Exemple d'application

En guise d'application, n'importe quel programme qui écrit du texte sur stdout et lit des frappes de touches sur stdin fait l'affaire.

#!/bin/bash

stty 1200 istrip cs7 parenb -parodd brkint \
    ignpar icrnl ixon ixany opost onlcr cread hupcl -isig icanon \
    echo echoe echok

# vider l'écran
echo
printf "\x0c"

# mettez le chemin vers votre binaire ici, ou rédigez votre programme
# en shell ci-dessous

# écrire du lorem ipsum à l'écran
# (sans oublier qu'on n'a que 40 caractères par ligne)
echo "Lorem ipsum dolor sit amet, consec-
tetur adipiscing elit. Donec a diam
lectus. Sed sit amet ipsum mauris. 
Maecenas congue ligula ac quam 
viverra nec consectetur ante 
hendrerit. Donec et mollis dolor. 
Praesent et diam eget libero egestas
mattis sit amet vitae augue. Nam
tincidunt congue enim, ut
porta lorem lacinia consectetur."

sleep 10

Libre à vous d'utiliser autre chose qu'un script shell, bien entendu. Il faut juste penser à faire le stty(1) correspondant afin de forcer l'observation du bit de parité paire (dans le cas contraire, la moitié des caractères seront remplacés par des carrés blancs).

L'instant de vérité

Après avoir ajouté la configuration qui va bien dans /etc/inittab, n'oubliez pas un petit init q pour qu'init tienne compte de votre configuration.
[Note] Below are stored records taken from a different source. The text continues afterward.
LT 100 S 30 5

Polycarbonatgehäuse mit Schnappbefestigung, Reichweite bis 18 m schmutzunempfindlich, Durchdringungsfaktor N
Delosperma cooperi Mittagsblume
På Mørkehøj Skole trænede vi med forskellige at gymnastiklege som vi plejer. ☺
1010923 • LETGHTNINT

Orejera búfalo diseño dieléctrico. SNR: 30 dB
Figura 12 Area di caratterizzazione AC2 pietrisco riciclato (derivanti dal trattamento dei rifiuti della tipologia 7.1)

Allumez votre Minitel. Composez le numéro correspondant au modem. Si tout se passe bien, vous entendrez peut-être quelques bruits (bips), puis, le plus important, une tonalité aiguë continue (2 100 Hz, plus exactement) que vous reconnaîtrez sûrement si vous avez déjà utilisé un Minitel avant.
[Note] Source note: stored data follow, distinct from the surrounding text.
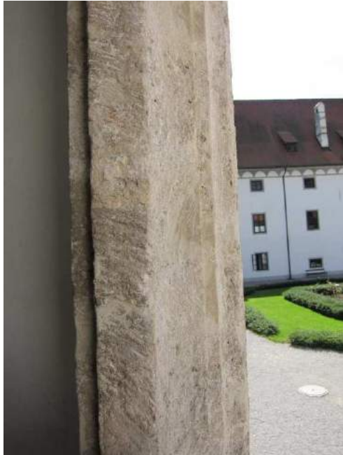
Abbildung 62: Gaming, ehemalige Kartause, Prälatenhof, Osttrakt, risalitartiger Vorsprung, Fensterrahmung im Obergeschoß.
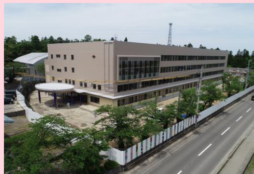
ドローンによる上空からの撮影
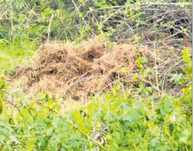
ମହାକାଳପଡ଼ାରେ ରେଖି ଥିବା କୁମ୍ଭୀର ଉପକୂଳରେ ବରଜା କୁମ୍ଭୀର ବସା ଠାର।

କେନ୍ଦ୍ରାପଡ଼ା ଜିଲ୍ଲା ମହାକାଳପଡ଼ା କୁଳ ଉପକୂଳ ଅଞ୍ଚଳର ନଦୀନାଳରେ ବରଜା କୁମ୍ଭୀରଙ୍କ ସଂଖ୍ୟା ବୃଦ୍ଧି ପାଇଛି। ଏମାନେ ସାଧାରଣତଃ ନେ, କୁଳ ମାସରେ ଅଣ୍ଡାଦାନ କରିଥାନ୍ତି।
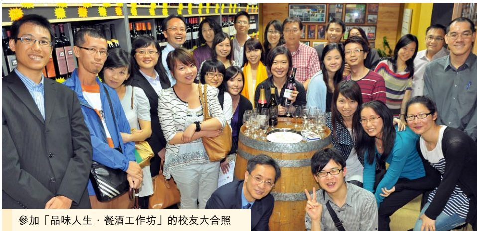
參加「品味人生·餐酒工作坊」的校友大合照
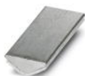
棱柱补偿块，颜色: 银色
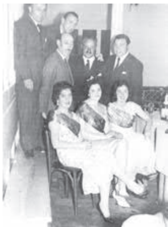
Año 1958. Reina y princesas del Centro Asturiano de Mar del Plata, con las autoridades de entonces.

Buenos Aires a rendir, y el día 14 de diciembre de 1953 obtengo el título definitivo del Curso Completo de Contabilidad. Estudié en la Academia General Belgrano de la calle Funes 2235 de Mar del Plata. Estaba incorporada a la escuela práctica de estudios comerciales Bartolomé Mitre de Buenos Aires, donde rendí con promedio de 8,50 puntos al obtener el título anteriormente mencionado. Este curso comprendía 12 materias a saber: contabilidad, teneduría de libros, derecho comercial, matemáticas, organización del comercio y de la empresa, caligrafía, gramática, economía, geografía, idioma extranjero (francés), taquigrafía y mecanografía.
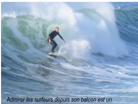
Admirer les surfeurs depuis son balcon est un spectacle captivant
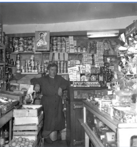
En 1961, Bessou, rue Jean-Jaures

Au moment où vous entendez le 2 100 Hz, appuyez sur la touche Connexion/Fin de votre terminal. Le F en haut à droite est alors remplacé par un C clignotant, qui devient fixe au bout de quelques secondes. Enfin, si tout est bien configuré, votre Minitel affiche votre Lorem Ipsum (ou toute autre application que vous y aurez mise à la place). Et c'est exactement comme ça que cela se passait en 1982.

Conclusion

Étant donné que le service Minitel n'existe désormais plus, c'est une partie du patrimoine français qui est en voie de disparition si nous ne trouvons pas le moyen d'archiver, voire reproduire, ce que l'on pouvait faire sur Minitel entre 1982 et 2012.

Mettre en place un serveur Minitel reste donc bien entendu une idée saugrenue, mais le challenge technique derrière reste particulièrement intéressant. Je salue particulièrement ceux qui, dans les années 80 et 90, ont mis en place leur propre serveur privé, sachant qu'ils disposaient à l'époque de machines beaucoup moins puissantes.